However, he was found guilty after trial and appeared for sentence via video link today after being remanded in custody.

In a statement read out by the prosecution, the victim said she had lost all her confidence due to Clowes’s brutality, and she was now a “shell of her former self”.

She said that during their relationship she was “constantly second-guessing his mood” and used to go to bed early to avoid him, while “sleeping with one eye open”.

She had since struggled to sleep, suffered with anxiety and was “terrified as to what he would do to me when released (from prison)”.

She said the psychological harm was even worse than the “physical torture” she had suffered.

Clowes had a previous conviction for assaulting an emergency worker in 2023 following yet another drunken incident when he attacked police officers who had been called out to a hotel. When they arrived, Clowes began shouting at them and slammed a car door shut into one of the officers.

Defence barrister Mahdev Singh Sachdev said that Clowes’ offending had been driven by his “relationship with alcohol”.
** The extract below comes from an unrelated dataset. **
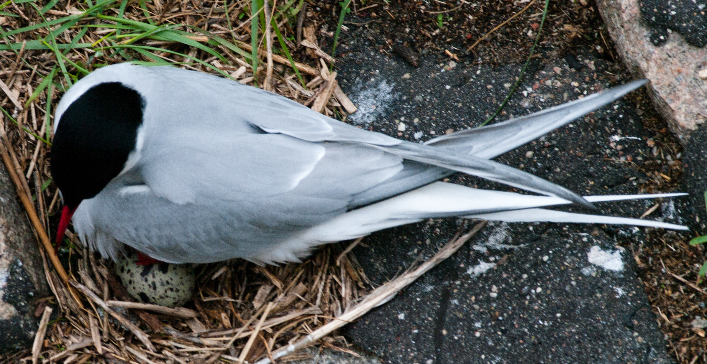 Dithmarschen in Early summer

Judge Simon Hickey said the victim’s statement made for “thoroughly sobering” reading and that Clowes’s violence was so serious that it could only be met by an immediate jail sentence.

He ruled out any community disposal because Clowes couldn’t be trusted to comply with any such order “given your record on bail and your attitude to the offences both at trial and now”.

He told Clowes: “You are clearly a risk to women who you live with. Effectively, you destroyed (the victim’s) life. You have ground away her self-confidence (and) she was indeed beaten black and blue.”

He added: “You were convicted after trial, having suggested all those injuries – and they were significant – came about when she wandered about in the garden and fell down various rabbit holes, which was a ludicrous defence.”

Clowes, who was sat head bowed in the video booth, was jailed for three years and made subject to a 15-year restraining order banning him from contacting the victim.